→ **Data entries**:

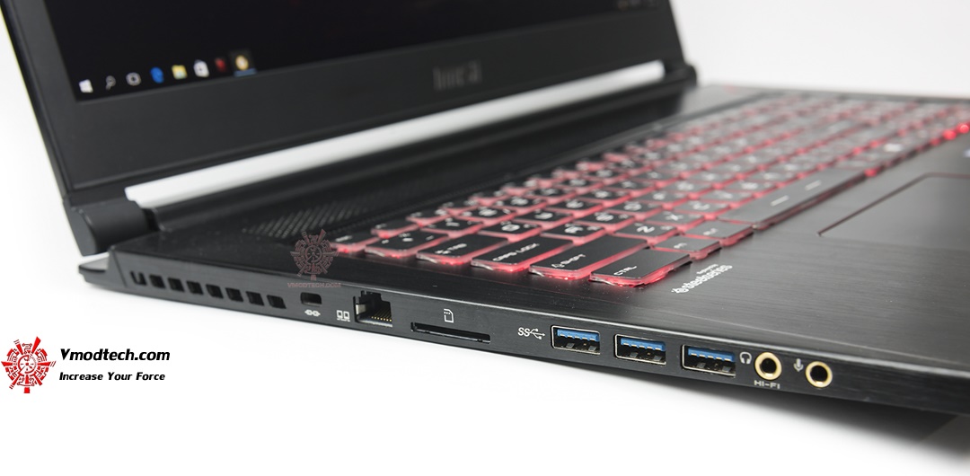 มุมมองด้านซ้ายครับ ซ้ายสุดจะเป็นช่องเสียบล๊อคเครื่อง ถัดไปก็เป็นการ์ดรีดเดอร์ ช่องเสียบสายแลน ช่องเสียบ SD Card ช่องเสียบ USB 3.1 สามช่อง และขวาสุดในรูปจะเป็นช่องเสียบหูฟังกับไมค์ 3.5 มม
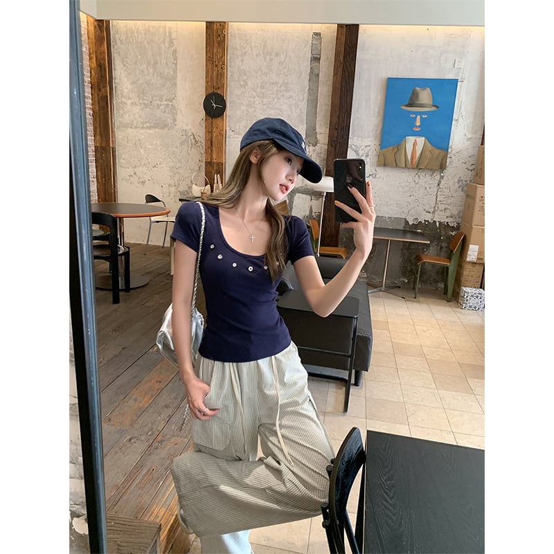 スクエアネックデザインが女性らしい印象を引き立てる、韓国きれいめ半袖トップスです。
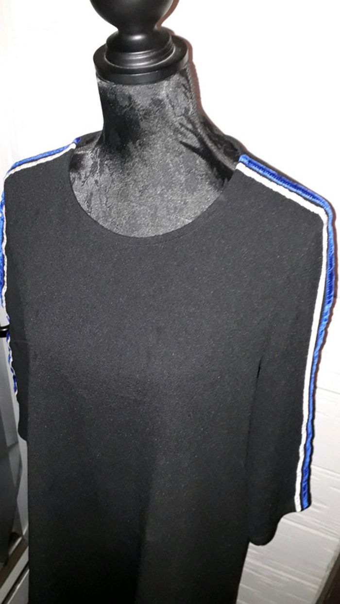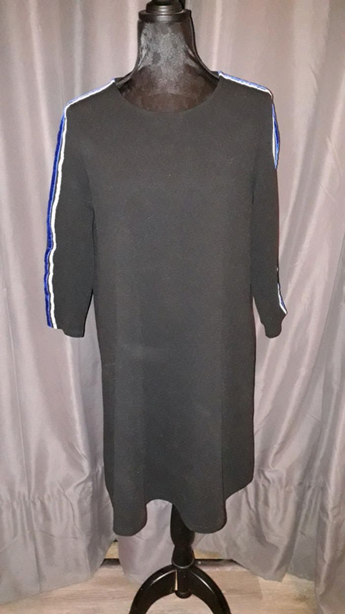 Robe noire avec des bandes sur les manches bleues et grises de la marque Pimkie taille 42.
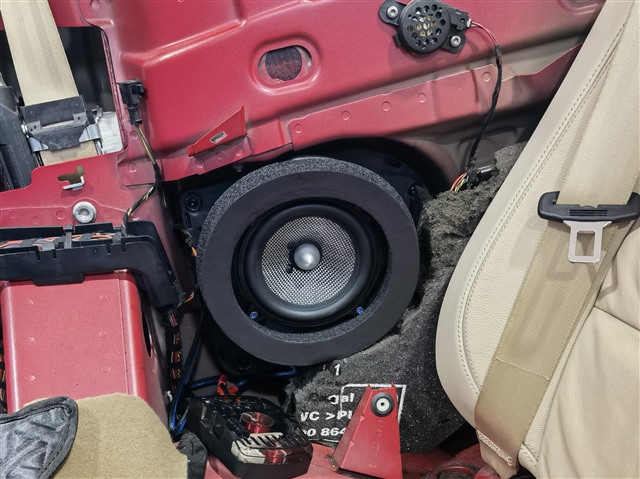 喇叭安裝完畢,前后門板復原效果,整個施工過程快捷謹慎,不會對內飾造成任何影響。
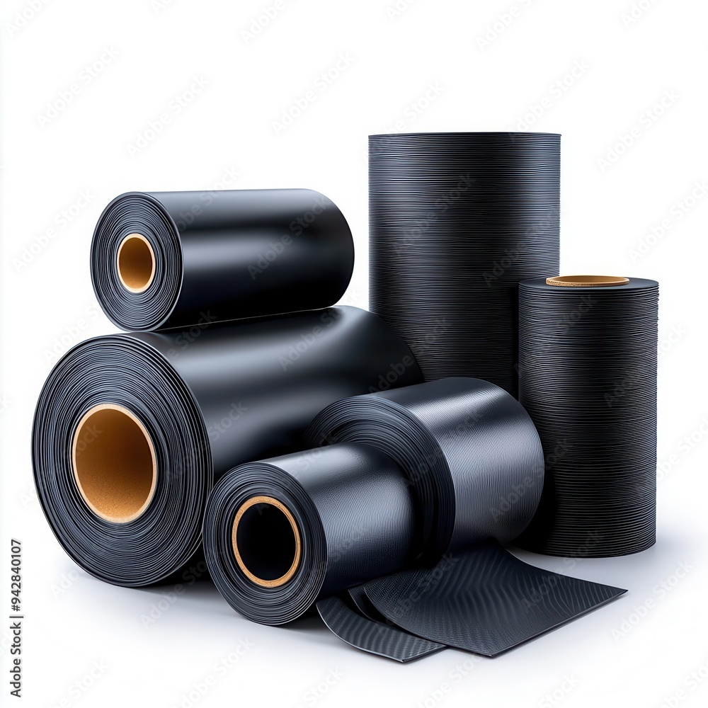 Rolls of new black roofing felt or bitumen. Group of rolls of ...
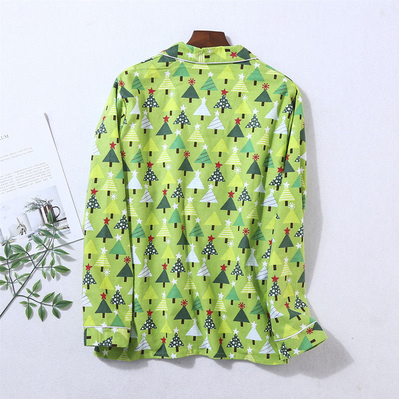 Pajamas Ladies Summer and Autumn Pure Cotton Long Sleeve Pants Cartoon Green Tree Sweet Homewear Set Foreign Trade Clearance

→ **Prompt**:
The copy should hold exactly the lines from the line containing "喇叭安裝完畢,前后門板復原效果,整個施工過程快捷謹慎,不會對內飾造成任何影響。" through the end of the data, both ends included, and no pictures.

→ **Result of the task**:
 喇叭安裝完畢,前后門板復原效果,整個施工過程快捷謹慎,不會對內飾造成任何影響。
 Rolls of new black roofing felt or bitumen. Group of rolls of ...
 Pajamas Ladies Summer and Autumn Pure Cotton Long Sleeve Pants Cartoon Green Tree Sweet Homewear Set Foreign Trade Clearance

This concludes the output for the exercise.